- [Work instructions]
Return the records word for word. Pictures do not belong in the copy.

- [Data supplied]

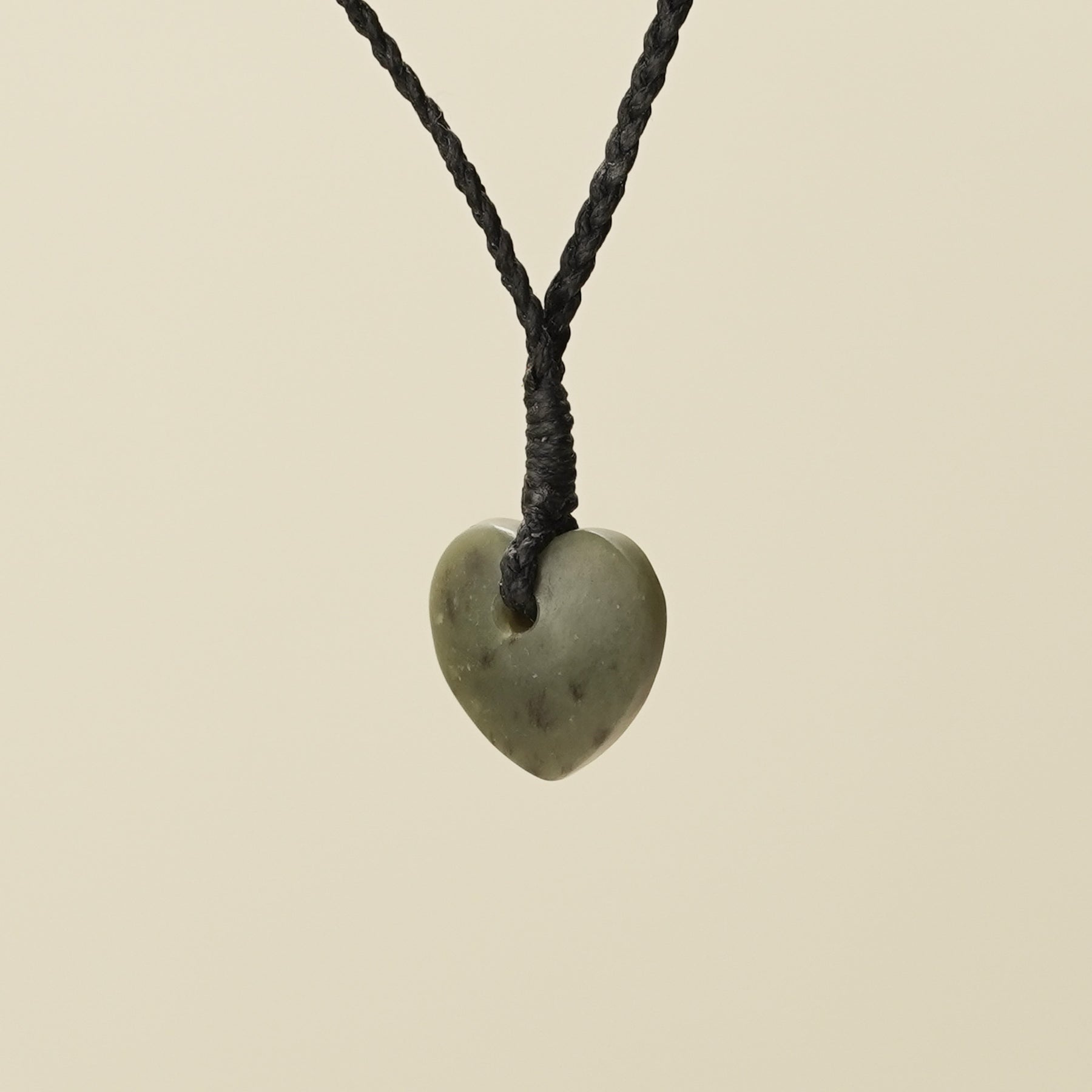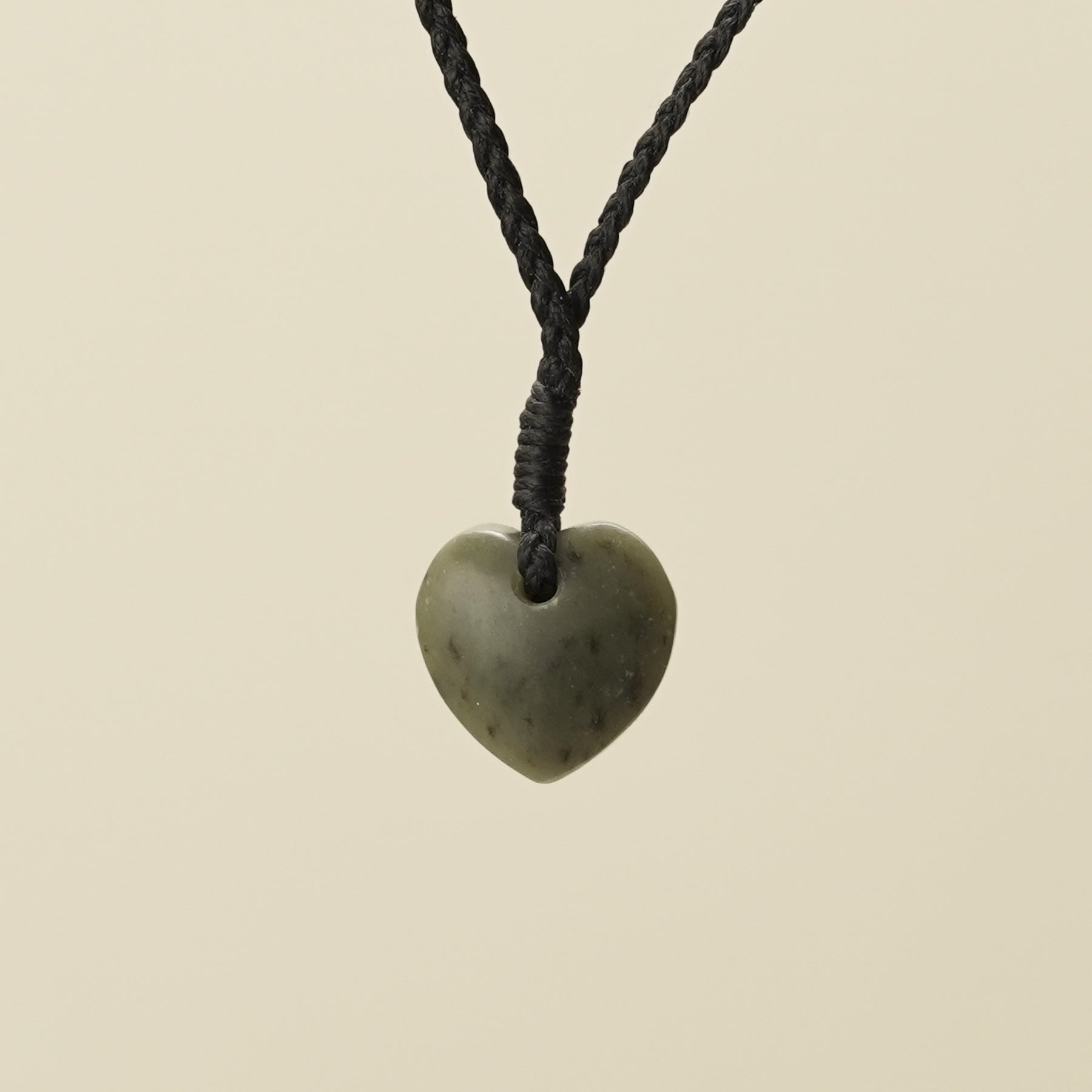 This one-off extra small Manawa (heart) pendant is carved from Kawakawa Pounamu, found in New Zealand's west coast. With a matte finish, it represents aroha and cherished connections, making it a meaningful taonga to wear close to your heart. Complimenting the flecks, it comes with an adjustable black hand-woven cord thoughtfully presented in an eco-friendly box, along with a card explaining its meaning and care instructions.
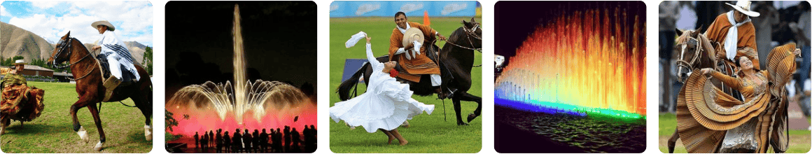 O circuito Mágico das Águas é um vislumbre para os olhos, além das 13 fontes de águas luminosas, poderemos assistir a um espetáculo de imagem, com laser, som e Luz que são misturadas para uma grande apresentação nas águas dançantes. Todo este parque, com belos espaços verdes possui mais de 135 mil metros quadrados e atraem diariamente muitos visitantes no inverno e verão Limenho. Após o espetáculo das fontes, seguiremos para o restaurante para apresentação de danças com cavalos de Pasos, com direito a muita música e danças do folclóre Peruano, depois de tudo isso nada melhor que desfrutar de um Buffet com muita variedade do melhor da comida Peruana.
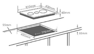 • Kích thước khoét đá 775R x 400S mm
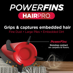 - PowerFins HairPro HZ700, actively grips & captures stubborn long hair, short hair, and pet hair, on carpets & floors.
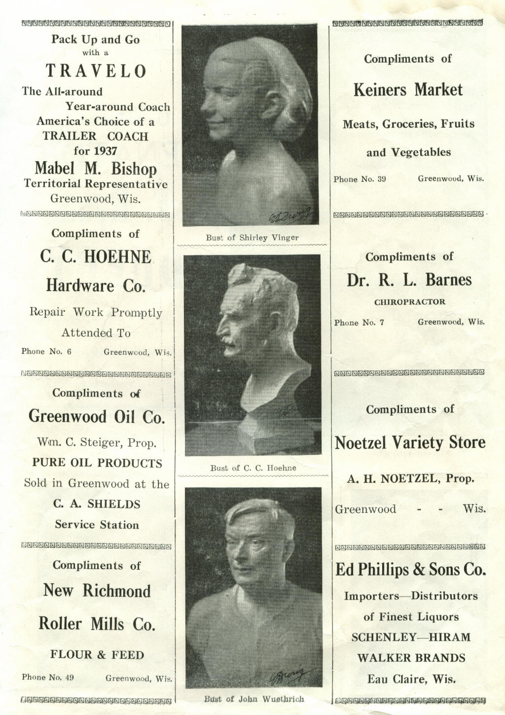 John Wuethrich belonged to the prestigious Greenwood Commercial Club and was "Toastmaster" for the Banquet held in honor of the unveiling of the Peace Monument given to the city by Ernest Durig in 1937. He was also one of the area residents who had a bust made by the artist.
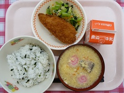 今日はかきたま汁が美味しく仕上がりましたフライもさっくり揚がっていて美味しかったです
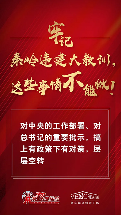 秦嶺違建的“大教訓(xùn)”深刻警示,同以習(xí)近平同志為核心的黨中央保持高度一致,堅(jiān)定“四個(gè)意識(shí)”、做到“兩個(gè)維護(hù)”,不是空喊口號(hào)而是重在落實(shí)、令行禁止,在貫徹執(zhí)行中央決策部署上不打折扣、不搞變通。
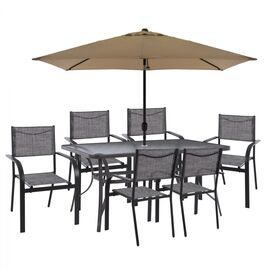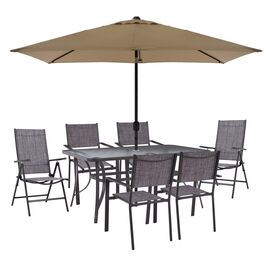 Σετ τραπεζαρίας 6 θέσεων με ομπρέλα. ΤΟ ΣΕΤ ΠΕΡΙΛΑΜΒΑΝΕΙ Ένα τραπέζι τραπεζαρίας εξωτερικού χώρου σε σε γκρι απόχρωση με ενσωματωμένο τζάμι ασφαλείας (secure). Διαθέτει μια τρύπα στο κέντρο για την τοποθέτηση ομπρέλας. Είναι ανθεκτικό καθώς είναι κατασκευασμένο από μέταλλο και αυτό το καθιστά...
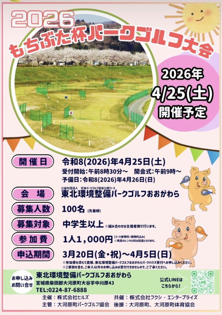 弊社が主催いたします「もちぶた杯パークゴルフ大会」を昨年に引き続き今年も開催させていただきます。多くの皆様のご参加をお待ちしております。
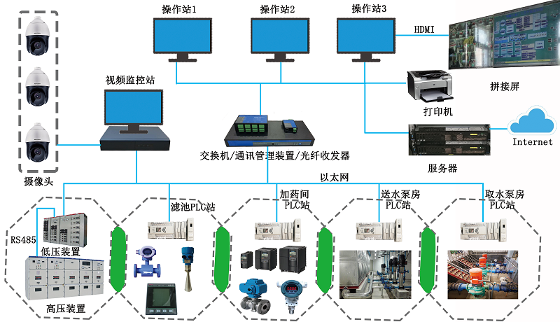 取水泵房、加礬加氯處理站、沉淀濾池處理站、送水泵房、視頻監(jiān)控系統(tǒng)、中控室、水處理設(shè)備、配套高低壓柜等組成。
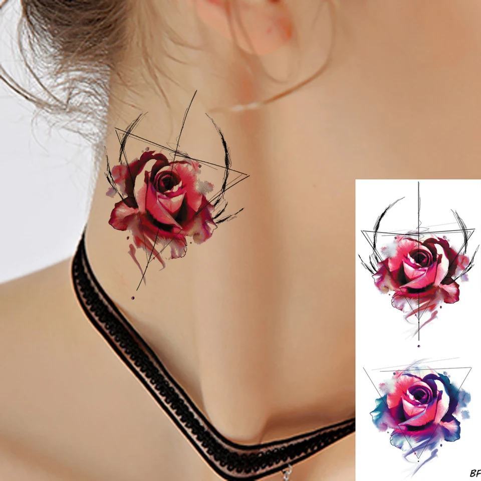 Vankirs Watercolour Women Fashion Tattoos Temporary Triangle Red Flash Rose Flash Tatoos Girls Flower Fake Tattoo Body Arm Ear Temporary Tattoos Aliexpress
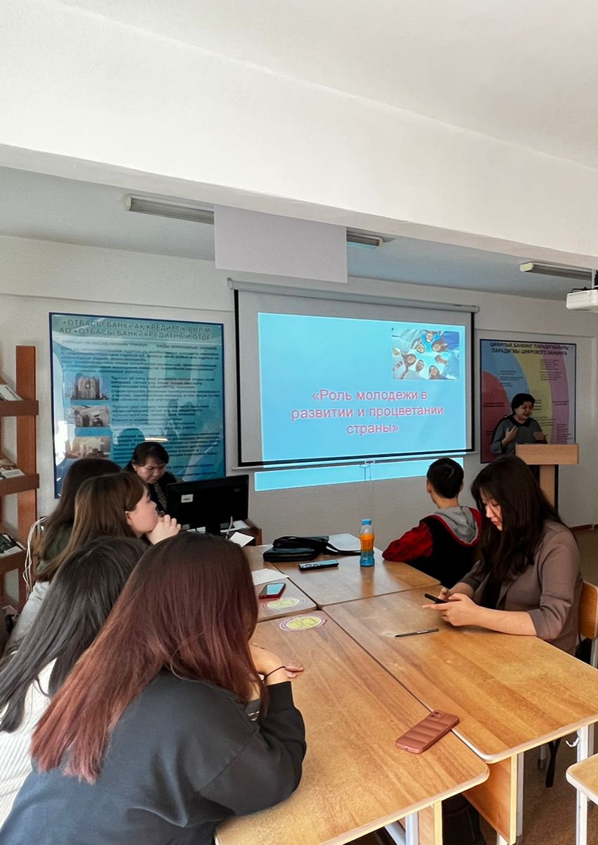 23 февраля 2023 года доцент кафедры экономических и математических  дисциплин Мажитова Б.Б  прочитала  лекцию для студентов  академических групп Ф-22-01 и ФТ-22-01(1 курс, образовательная программа «Финансы») на тему: «Роль молодежи в развитии  и процветании страны » .
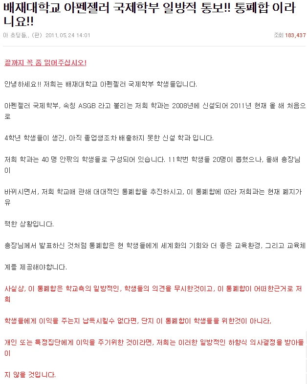 이렇게 허술한 방식으로 조사된 설문결과를 토대로 보고서 작성자는 결론에서 자못 심각하게 ‘위기’를 운운한다. “막대한 비용이 소요되는 대학교육이 낭비”되고 있기 때문에, “사회수요에 맞춘 대학정원 조정”이 필요하다는 것이다.
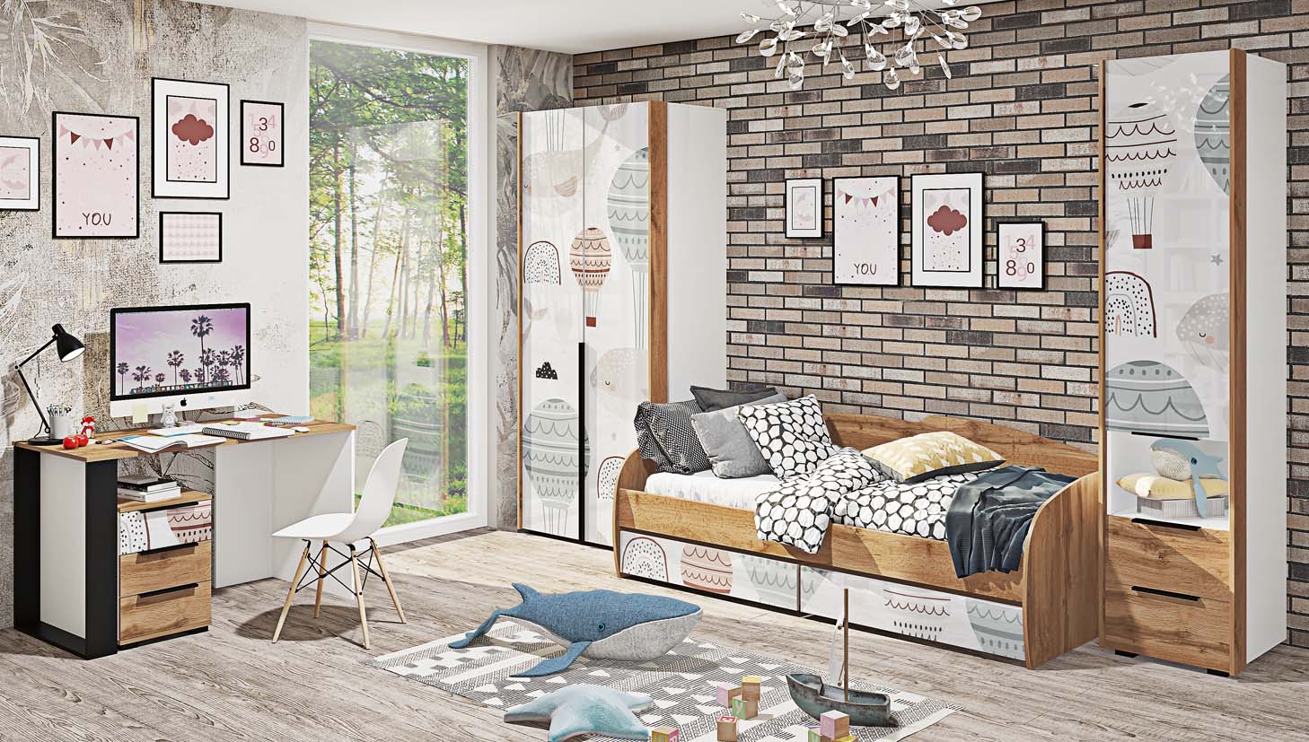 Включает шкаф, пенал, кровать, письменный стол и тумбу для полноценного обустройства комнаты. - Качественные материалы
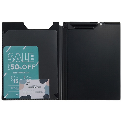 ●ハガキや名刺などが入るポケット付きのA5サイズ対応のクリップファイルです。
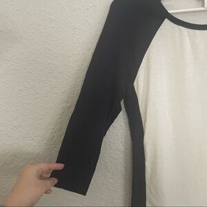 Charming Charlie’s navy blue and white baseball shirt is in like new condition. Shirt is lightweight and soft. Shirt is size small.
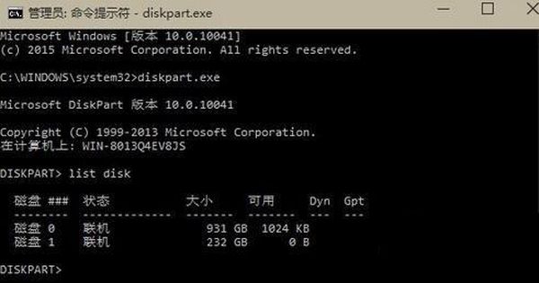 选择磁盘0(0是列表磁盘后显示的硬盘ID,通常为0和1)

- [Response to the task]
 This one-off extra small Manawa (heart) pendant is carved from Kawakawa Pounamu, found in New Zealand's west coast. With a matte finish, it represents aroha and cherished connections, making it a meaningful taonga to wear close to your heart. Complimenting the flecks, it comes with an adjustable black hand-woven cord thoughtfully presented in an eco-friendly box, along with a card explaining its meaning and care instructions.
 O circuito Mágico das Águas é um vislumbre para os olhos, além das 13 fontes de águas luminosas, poderemos assistir a um espetáculo de imagem, com laser, som e Luz que são misturadas para uma grande apresentação nas águas dançantes. Todo este parque, com belos espaços verdes possui mais de 135 mil metros quadrados e atraem diariamente muitos visitantes no inverno e verão Limenho. Após o espetáculo das fontes, seguiremos para o restaurante para apresentação de danças com cavalos de Pasos, com direito a muita música e danças do folclóre Peruano, depois de tudo isso nada melhor que desfrutar de um Buffet com muita variedade do melhor da comida Peruana.
 • Kích thước khoét đá 775R x 400S mm
 - PowerFins HairPro HZ700, actively grips & captures stubborn long hair, short hair, and pet hair, on carpets & floors.
 John Wuethrich belonged to the prestigious Greenwood Commercial Club and was "Toastmaster" for the Banquet held in honor of the unveiling of the Peace Monument given to the city by Ernest Durig in 1937. He was also one of the area residents who had a bust made by the artist.
 今日はかきたま汁が美味しく仕上がりましたフライもさっくり揚がっていて美味しかったです
 秦嶺違建的“大教訓(xùn)”深刻警示,同以習(xí)近平同志為核心的黨中央保持高度一致,堅(jiān)定“四個(gè)意識(shí)”、做到“兩個(gè)維護(hù)”,不是空喊口號(hào)而是重在落實(shí)、令行禁止,在貫徹執(zhí)行中央決策部署上不打折扣、不搞變通。
 Σετ τραπεζαρίας 6 θέσεων με ομπρέλα. ΤΟ ΣΕΤ ΠΕΡΙΛΑΜΒΑΝΕΙ Ένα τραπέζι τραπεζαρίας εξωτερικού χώρου σε σε γκρι απόχρωση με ενσωματωμένο τζάμι ασφαλείας (secure). Διαθέτει μια τρύπα στο κέντρο για την τοποθέτηση ομπρέλας. Είναι ανθεκτικό καθώς είναι κατασκευασμένο από μέταλλο και αυτό το καθιστά...
 弊社が主催いたします「もちぶた杯パークゴルフ大会」を昨年に引き続き今年も開催させていただきます。多くの皆様のご参加をお待ちしております。
 取水泵房、加礬加氯處理站、沉淀濾池處理站、送水泵房、視頻監(jiān)控系統(tǒng)、中控室、水處理設(shè)備、配套高低壓柜等組成。
 Vankirs Watercolour Women Fashion Tattoos Temporary Triangle Red Flash Rose Flash Tatoos Girls Flower Fake Tattoo Body Arm Ear Temporary Tattoos Aliexpress
 23 февраля 2023 года доцент кафедры экономических и математических  дисциплин Мажитова Б.Б  прочитала  лекцию для студентов  академических групп Ф-22-01 и ФТ-22-01(1 курс, образовательная программа «Финансы») на тему: «Роль молодежи в развитии  и процветании страны » .
 이렇게 허술한 방식으로 조사된 설문결과를 토대로 보고서 작성자는 결론에서 자못 심각하게 ‘위기’를 운운한다. “막대한 비용이 소요되는 대학교육이 낭비”되고 있기 때문에, “사회수요에 맞춘 대학정원 조정”이 필요하다는 것이다.
 Включает шкаф, пенал, кровать, письменный стол и тумбу для полноценного обустройства комнаты. - Качественные материалы
 ●ハガキや名刺などが入るポケット付きのA5サイズ対応のクリップファイルです。
 Charming Charlie’s navy blue and white baseball shirt is in like new condition. Shirt is lightweight and soft. Shirt is size small.
 选择磁盘0(0是列表磁盘后显示的硬盘ID,通常为0和1)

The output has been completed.